Aaron Blum Wolowicz was born October 19, 1898 in Chicago, Illinois, the son of Eva (née Blum) and Jacob Wolowicz, Ashkenazi Jews from the Suwałki region of Poland who changed their surname to Wallis. His family moved in 1922 to Los Angeles, California, where he found work as part of the publicity department at Warner Bros. in 1923. Within a few years, Wallis became involved in the production end of the business and would eventually become head of production at Warner. In a career that spanned more than 50 years, he was involved with the production of more than 400 feature-length movies. Among the more significant movies he produced were Casablanca, Dark Victory, The Adventures of Robin Hood, The Maltese Falcon, Sergeant York, and Now, Voyager.
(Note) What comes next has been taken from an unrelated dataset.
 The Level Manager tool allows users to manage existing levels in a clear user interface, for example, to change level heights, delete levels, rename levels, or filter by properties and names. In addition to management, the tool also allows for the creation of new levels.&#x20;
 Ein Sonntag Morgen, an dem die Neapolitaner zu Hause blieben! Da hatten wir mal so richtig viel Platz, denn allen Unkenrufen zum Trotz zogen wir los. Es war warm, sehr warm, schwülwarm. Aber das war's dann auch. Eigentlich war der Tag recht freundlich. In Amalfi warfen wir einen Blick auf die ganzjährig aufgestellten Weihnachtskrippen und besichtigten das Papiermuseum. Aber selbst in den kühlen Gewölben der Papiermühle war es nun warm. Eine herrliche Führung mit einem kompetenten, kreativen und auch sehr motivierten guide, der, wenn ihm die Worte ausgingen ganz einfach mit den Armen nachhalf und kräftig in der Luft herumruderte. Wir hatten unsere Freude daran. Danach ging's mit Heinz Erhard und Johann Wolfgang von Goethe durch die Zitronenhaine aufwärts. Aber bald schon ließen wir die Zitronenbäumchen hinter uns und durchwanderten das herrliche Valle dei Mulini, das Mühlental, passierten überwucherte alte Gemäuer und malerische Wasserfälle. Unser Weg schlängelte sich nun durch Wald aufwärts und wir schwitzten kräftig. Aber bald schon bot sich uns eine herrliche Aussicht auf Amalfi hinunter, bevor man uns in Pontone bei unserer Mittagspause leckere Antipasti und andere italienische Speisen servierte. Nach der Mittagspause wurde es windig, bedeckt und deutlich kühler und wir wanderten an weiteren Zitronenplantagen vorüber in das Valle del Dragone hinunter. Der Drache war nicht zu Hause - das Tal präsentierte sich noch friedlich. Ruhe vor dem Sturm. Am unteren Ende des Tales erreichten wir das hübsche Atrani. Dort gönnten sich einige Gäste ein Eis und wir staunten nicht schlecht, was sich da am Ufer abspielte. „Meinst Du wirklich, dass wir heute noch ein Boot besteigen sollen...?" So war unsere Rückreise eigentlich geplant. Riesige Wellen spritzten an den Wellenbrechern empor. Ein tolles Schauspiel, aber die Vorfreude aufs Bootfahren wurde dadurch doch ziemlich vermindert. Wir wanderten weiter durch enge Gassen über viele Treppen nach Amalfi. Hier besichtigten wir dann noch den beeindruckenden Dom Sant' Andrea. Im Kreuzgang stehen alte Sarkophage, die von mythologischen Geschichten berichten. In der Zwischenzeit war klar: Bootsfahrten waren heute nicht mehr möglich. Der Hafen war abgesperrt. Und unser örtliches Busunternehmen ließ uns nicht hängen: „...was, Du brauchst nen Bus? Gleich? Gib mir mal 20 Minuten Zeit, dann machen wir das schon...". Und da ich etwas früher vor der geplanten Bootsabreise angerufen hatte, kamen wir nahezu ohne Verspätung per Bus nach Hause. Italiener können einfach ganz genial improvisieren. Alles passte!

Hal Wallis left Warner Bros. in 1944, after a clash with Jack L. Warner over Warner’s acceptance of the Best Picture Oscar for Casablanca, to work as an independent producer, enjoying considerable success both commercially and critically. The first screenwriters he hired for his new enterprise were Ayn Rand and Lillian Hellman. Among his financial hits were the Dean Martin and Jerry Lewis comedies, and several of Elvis Presley’s movies. He produced True Grit, for which John Wayne won the Academy Award for Best Actor of 1969, and its sequel.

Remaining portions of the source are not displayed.